= Ulugh Khan =

General of the Delhi Sultanate (died 1302)

Almas Beg (died c. 1302), better known by his title Ulugh Khan, was a brother and a general of the Delhi Sultanate ruler Alauddin Khalji. He held the iqta' of Bayana in present-day India.

Ulugh Khan played an important role in Alauddin's ascension to the throne of Delhi in 1296. He lured the former Sultan Jalaluddin to Kara, where Alauddin assassinated Jalaluddin. He successfully besieged Multan, governed by Jalaluddin's eldest son Arkali Khan, and subjugated the surviving members of Jalaluddin's family.

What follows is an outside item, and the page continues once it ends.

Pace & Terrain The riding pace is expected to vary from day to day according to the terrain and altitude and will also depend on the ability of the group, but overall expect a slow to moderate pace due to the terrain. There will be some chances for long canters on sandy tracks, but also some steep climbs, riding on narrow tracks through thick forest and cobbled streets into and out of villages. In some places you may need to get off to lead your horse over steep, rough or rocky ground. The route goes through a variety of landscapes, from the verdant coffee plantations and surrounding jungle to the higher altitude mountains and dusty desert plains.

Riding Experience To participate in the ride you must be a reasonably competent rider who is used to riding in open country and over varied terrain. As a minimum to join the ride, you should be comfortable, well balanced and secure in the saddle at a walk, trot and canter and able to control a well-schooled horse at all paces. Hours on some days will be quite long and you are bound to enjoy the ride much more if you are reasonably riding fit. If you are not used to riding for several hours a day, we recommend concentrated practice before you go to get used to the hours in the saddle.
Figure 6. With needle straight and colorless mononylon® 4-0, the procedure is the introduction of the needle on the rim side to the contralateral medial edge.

In 1298, Ulugh Khan repulsed a Mongol invasion from the Chagatai Khanate, which greatly increased Alauddin's prestige. The next year, he and Nusrat Khan raided the wealthy province of Gujarat, obtaining a huge amount of wealth for Alauddin's treasury. He led the reinforcement unit in the Battle of Kili (1299) against the Mongols, and held command in the initial phases of the Siege of Ranthambore (1301). He died a few months after the Ranthambore campaign ended.

== Early life ==

Ulugh Khan was originally known as Almas Beg. His father, Shihabuddin Mas'ud, was the elder brother of the Khalji dynasty's founder Sultan Jalaluddin. Besides his elder brother Alauddin (originally known as Ali Gurshasp), he had two other brothers Qutlugh Tigin and Muhammad.

Both Alauddin and Ulugh Khan married Jalaluddin's daughters. After Jalaluddin became the Sultan of Delhi, Alauddin was appointed as Amir-i-Tuzuk (equivalent to Master of ceremonies), while Almas Beg was given the post of Akhur-beg (equivalent to Master of the Horse).

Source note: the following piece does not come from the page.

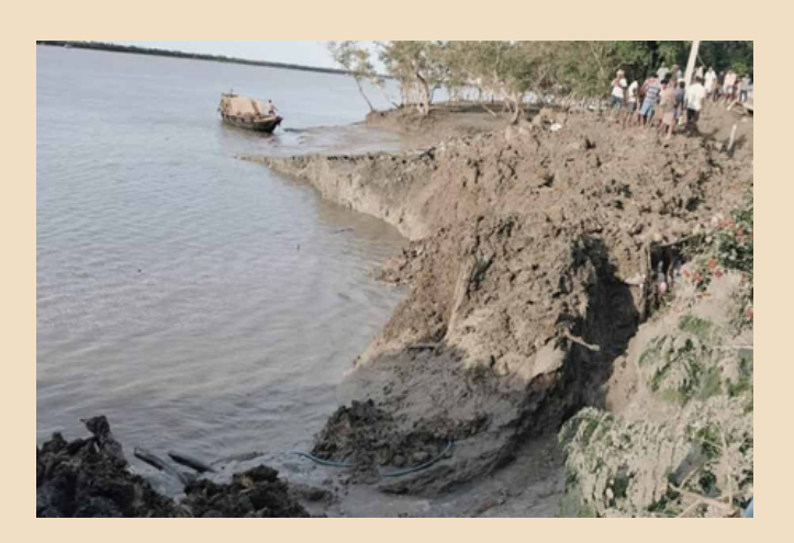
Link to the article: (September 8th, 2024) <a href="https://www.anandabazar.com/west-bengal/24-parganas/residents-of-pakhiralay-village-of-gosaba-in-trouble-after-river-destroyed-dam/cid/1544245">https://www.anandabazar.com/west-bengal/24-parganas/residents-of-pakhiralay-village-of-gosaba-in-trouble-after-river-destroyed-dam/cid/1544245</a>

== Role in Alauddin's ascension ==

In 1291, Jalaluddin appointed Alauddin as the governor of Kara province. Over the next few years, Alauddin hatched a conspiracy to overthrow Jalaluddin. In 1296, Alauddin raided Devagiri, but did not surrender the loot to Jalaluddin in Delhi. Instead, he returned to Kara, and then sent a letter of apology to Jalaluddin. Ulugh Khan assured Jalaluddin that Alauddin was loyal to him, and convinced him to visit Kara and meet Alauddin, saying that Alauddin would commit suicide out of guilt if Jalaluddin didn't pardon him personally. A gullible Jalaluddin visited Kara, where Alauddin killed him on 20 July 1296.

When Alauddin became the Sultan of Delhi in 1296, he made his brother barbeg with the title Ulugh Khan ("Great Khan".).

== Military career ==

Ulugh Khan was an able general, and played an important role in Alauddin's military conquests. According to Ziauddin Barani, Alauddin once thought of establishing a new religion, and compared his four generals (Ulugh, Nusrat, Zafar and Alp) to Muhammad's four Rashidun caliphs.

=== Siege of Multan ===

After usurping the throne of Delhi, Alauddin decided to eliminate the surviving family of Jalaluddin. In November 1296, he sent a 30,000-40,000 strong army led by Ulugh Khan and Zafar Khan to Multan, which was governed by Jalaluddin's son Arkali Khan. Faced with certain defeat, the leaders of the defending forces deserted Arkali Khan and defected to the Delhi forces after two months of siege.

Arkali Khan and his younger brother Ruknuddin Ibrahim visited Ulugh Khan's camp to negotiate a truce. Ulugh Khan received them with dignity, and promised not to harm them. However, after occupying Multan, he did not keep this promise, and imprisoned them, their family members, and their loyal officers. The captives were later blinded and/or killed by Nusrat Khan on Alauddin's orders.

=== 1298 victory over the Mongols ===

In the winter of 1297, the Mongols led by a noyan of the Chagatai Khanate raided Punjab, advancing as far as Kasur. Alauddin dispatched Ulugh Khan (possibly supported by Zafar Khan) to check the Mongol advance. According to the Delhi courtier Amir Khusrau, Ulugh Khan covered the distance of two marches in a single day to face the Mongols, and reached the banks of the Sutlej River on 6 February 1298. There, he ordered his soldiers to cross the Sutlej River without the boats, and inflicted a crushing defeat on the Mongols. Khusrau states that 20,000 Mongols were killed in the battle, and many more were killed in Delhi after being brought there as captives. The victory increased Alauddin's prestige, and stabilized his position on the throne of Delhi.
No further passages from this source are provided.